▸ **Stored dataset items**:

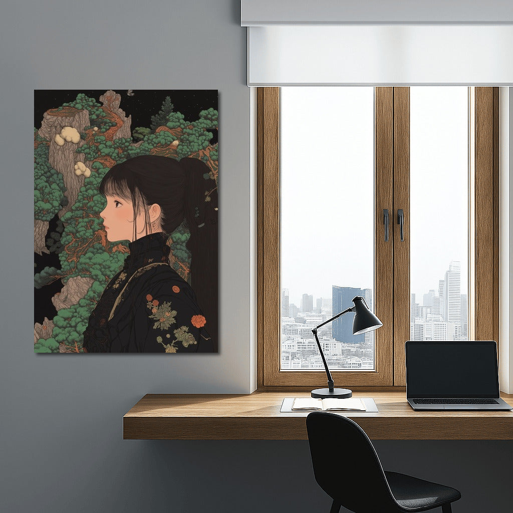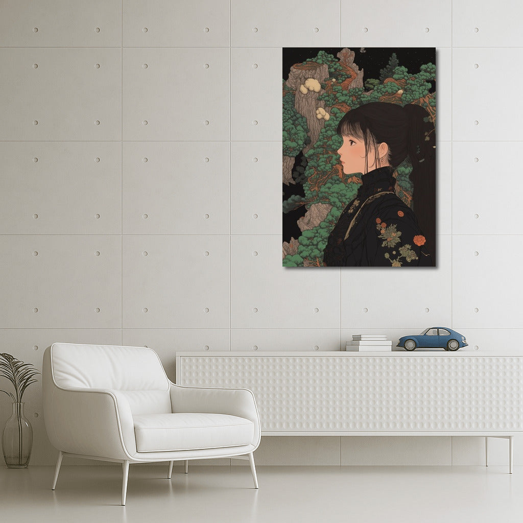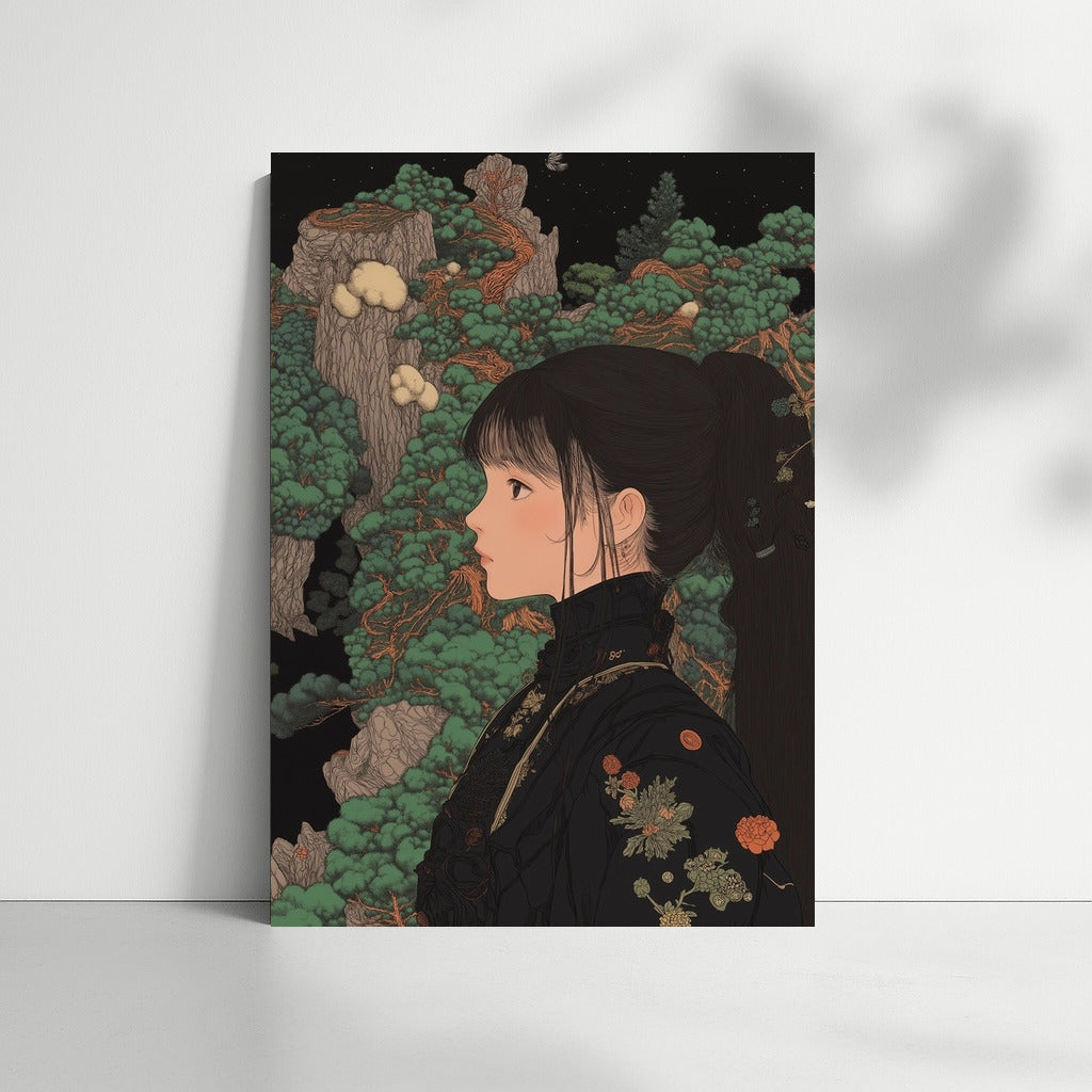 An unusual painting of a girl in a Japanese garden, where nature comes to life in detail. An ideal poster for a stylish interior. See more from the collection: Anime & Manga genres Art
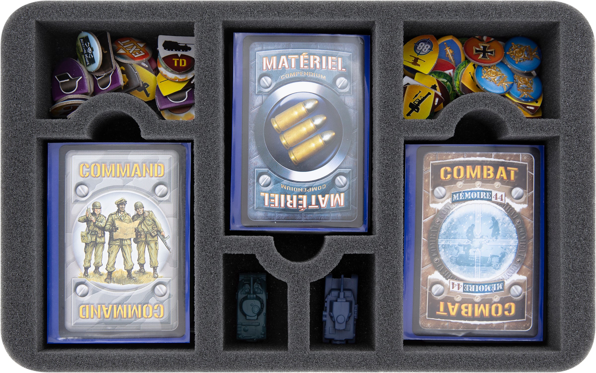 - 1 Half-Size-Schaumstoffeinlage mit 7 Fächern für Karten, Token und Würfel (HSMEQO050BO)
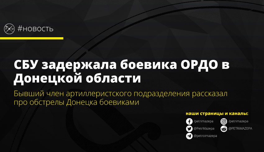 Контрразведчики СБУ, привлеченные к ООС, задержали в Донецкой области боевика ОРДО. Местный житель с 2016 года был членом одного из артиллеристских подразделений боевиков, а сейчас он уже дает показания о многочисленных обстрелах Донецка незаконными вооруженными формированиями, и про причастность РФ к оккупации ОРДЛО.
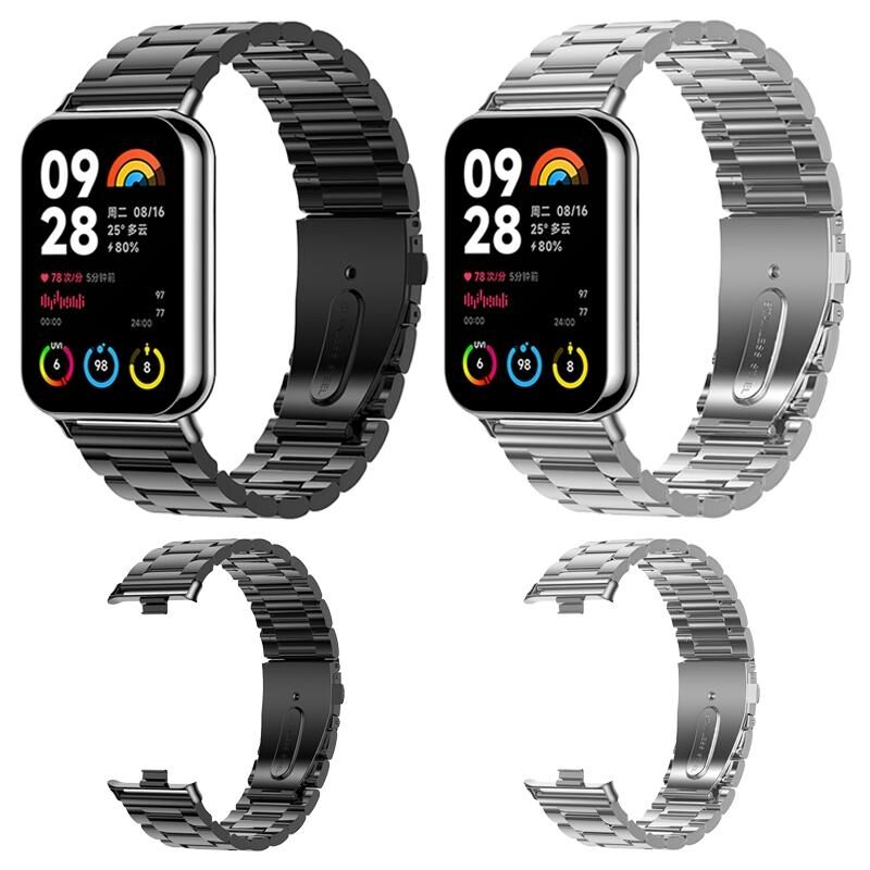 For Xiaomi Smart Band 9 Pro / 8 Pro Three Beads Stainless Steel Metal Watch Band(Silver)
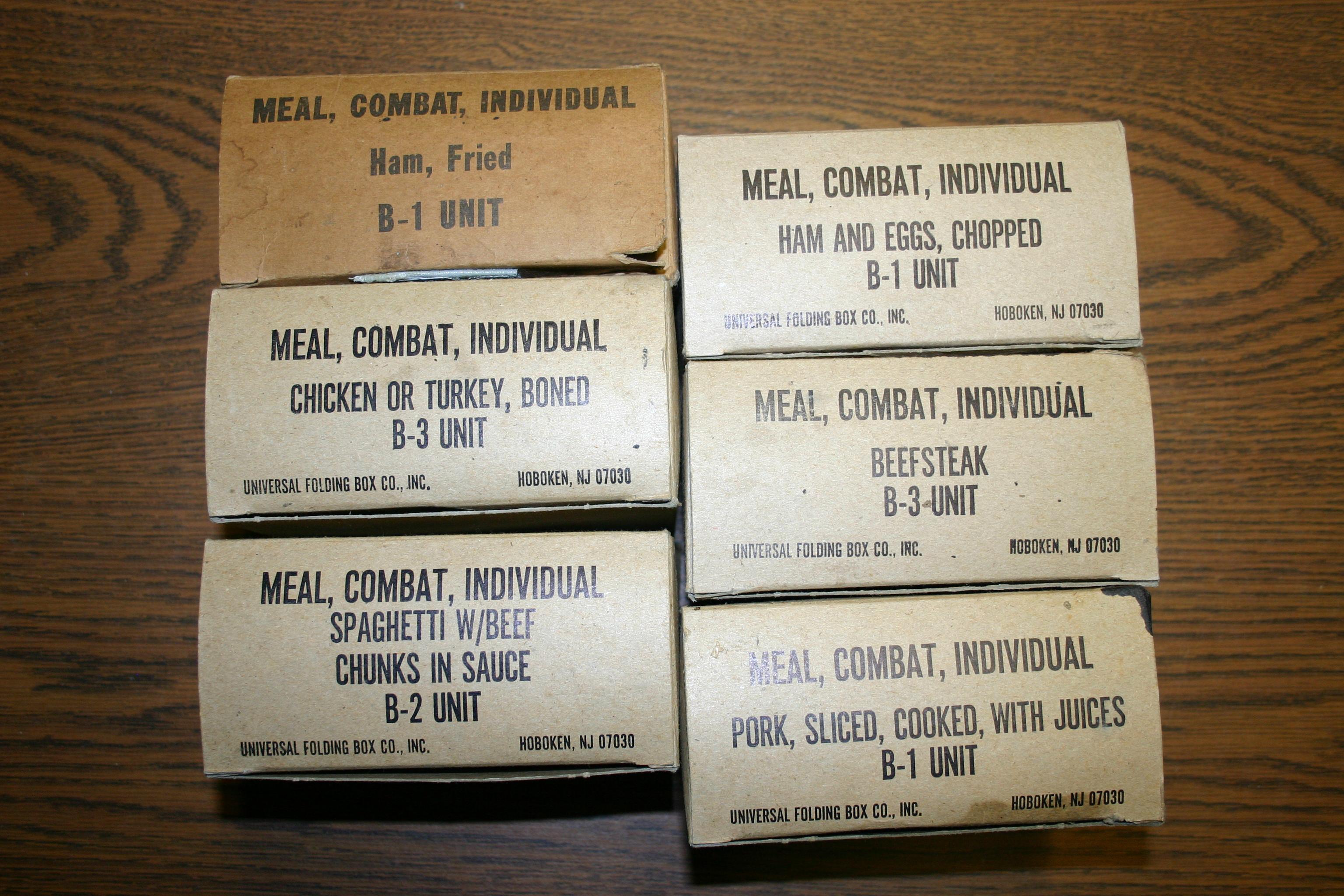 B Ration boxes: Fried Ham; Boned Chicken or Turkey; Spaghettie with Beef Chunks in Sauce; Ham and Eggs, Chopped Ham and Eggs; Beefsteak; Sliced and Cooked Pork with Juices
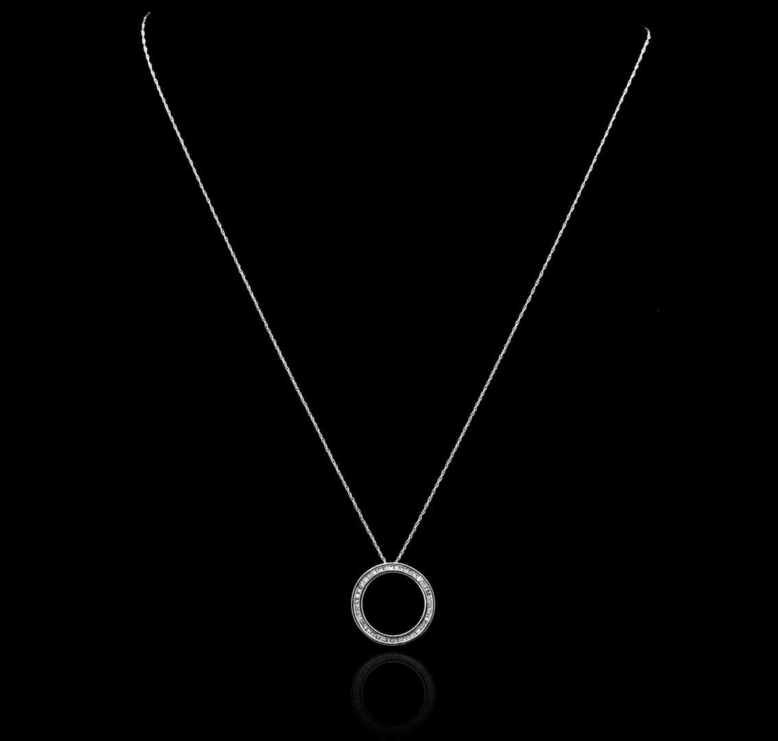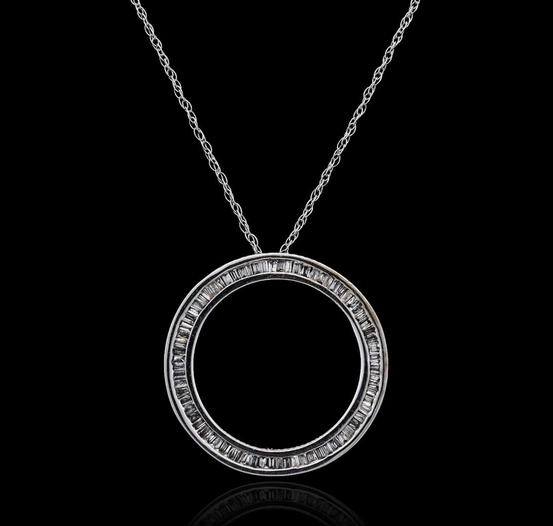One circle pendant with chain featuring: 10KT white gold weighing 1.86 grams containing baguette cut diamonds with a total weight of 0.35cts.
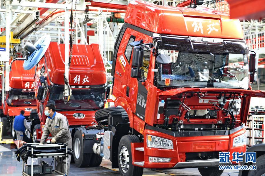 工人在位于长春的一汽解放总装车间装配车辆(2020年11月23日摄)。新华社记者 张楠 摄
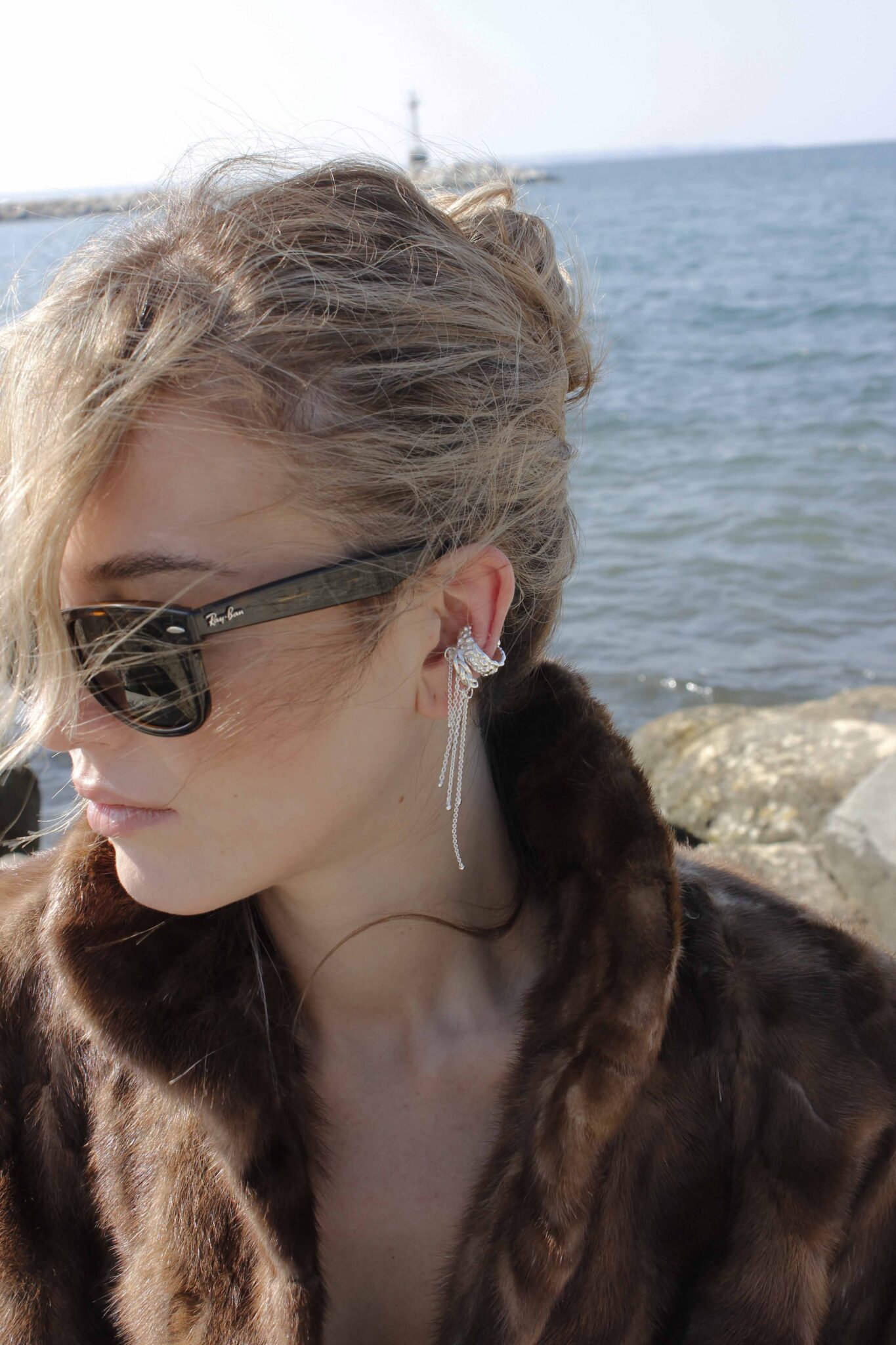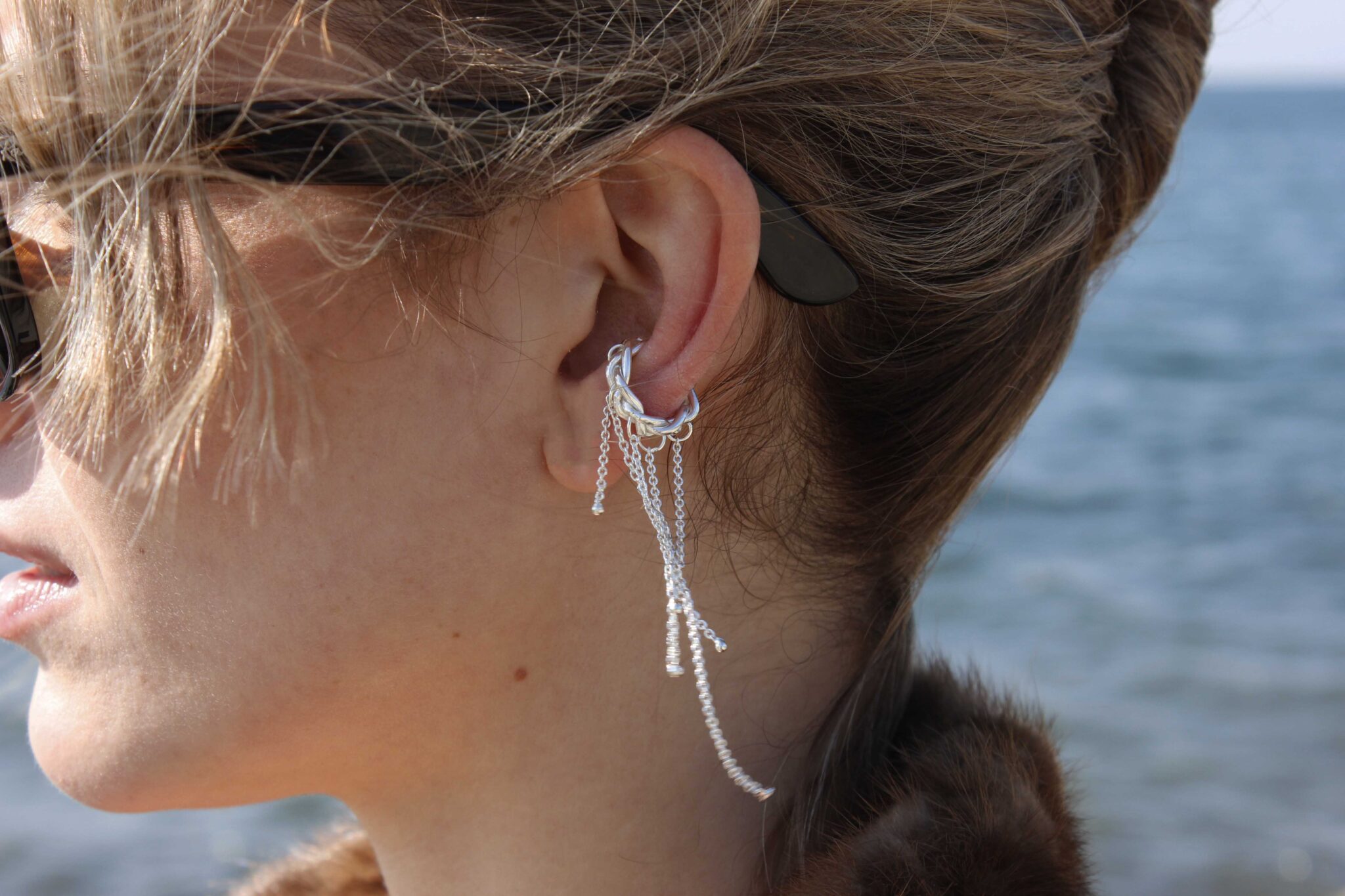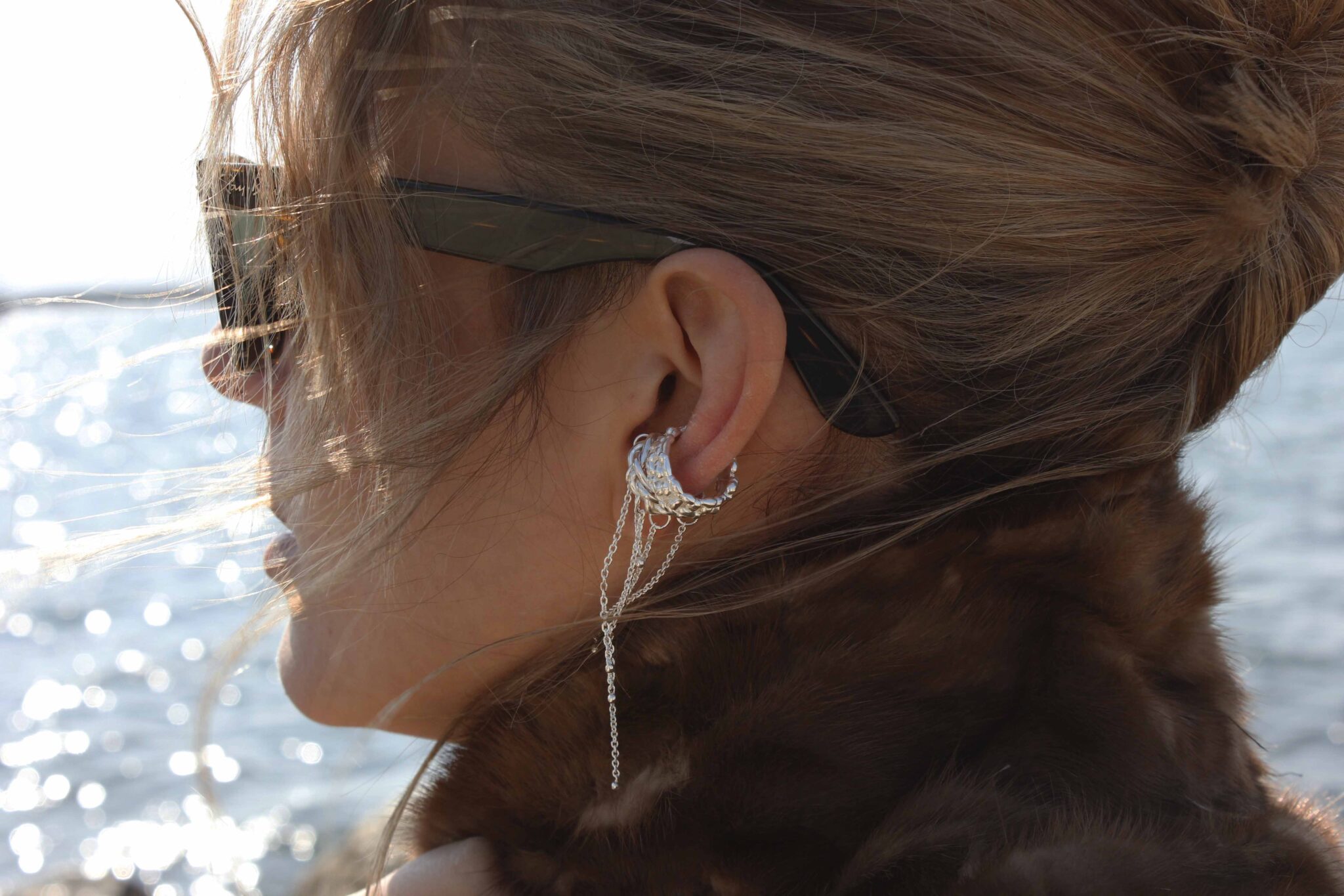 The Aurora Chain Ear Cuff combines sculptural detail with fluid movement.
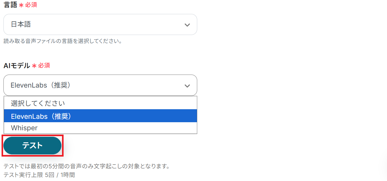 ステップ5:文字起こし設定
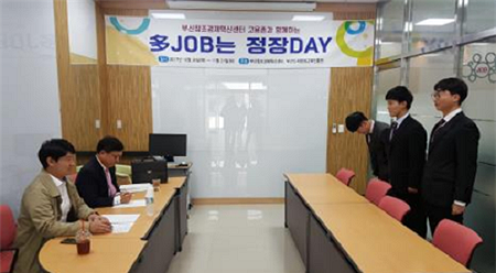 ▲'多 JOB는 정장 DAY' 실전모의면접 모습. (사진=부산시)
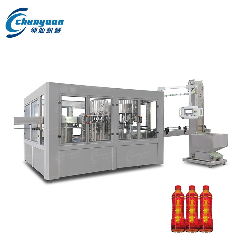 三合一涼茶飲料灌裝設(shè)備集洗瓶、灌裝、封蓋于一體,是以引進(jìn)、消化、吸收國外先進(jìn)技術(shù)為基礎(chǔ),根據(jù)我國純凈水、礦泉水,果汁等飲品的灌裝工藝要求,自行創(chuàng)新設(shè)計(jì)、研制而成的一種具有國內(nèi)先進(jìn)水平的茶飲料灌裝線。

▸ **WORK TASK**: Only the lines from the one that contains "B Ration boxes: Fried" through the last line of the records may appear in the answer, retyped exactly and with no pictures.

▸ **SOLUTION FOR THIS EXERCISE**:
 B Ration boxes: Fried Ham; Boned Chicken or Turkey; Spaghettie with Beef Chunks in Sauce; Ham and Eggs, Chopped Ham and Eggs; Beefsteak; Sliced and Cooked Pork with Juices
One circle pendant with chain featuring: 10KT white gold weighing 1.86 grams containing baguette cut diamonds with a total weight of 0.35cts.
 工人在位于长春的一汽解放总装车间装配车辆(2020年11月23日摄)。新华社记者 张楠 摄
 The Aurora Chain Ear Cuff combines sculptural detail with fluid movement.
 ステップ5:文字起こし設定
 ▲'多 JOB는 정장 DAY' 실전모의면접 모습. (사진=부산시)
 三合一涼茶飲料灌裝設(shè)備集洗瓶、灌裝、封蓋于一體,是以引進(jìn)、消化、吸收國外先進(jìn)技術(shù)為基礎(chǔ),根據(jù)我國純凈水、礦泉水,果汁等飲品的灌裝工藝要求,自行創(chuàng)新設(shè)計(jì)、研制而成的一種具有國內(nèi)先進(jìn)水平的茶飲料灌裝線。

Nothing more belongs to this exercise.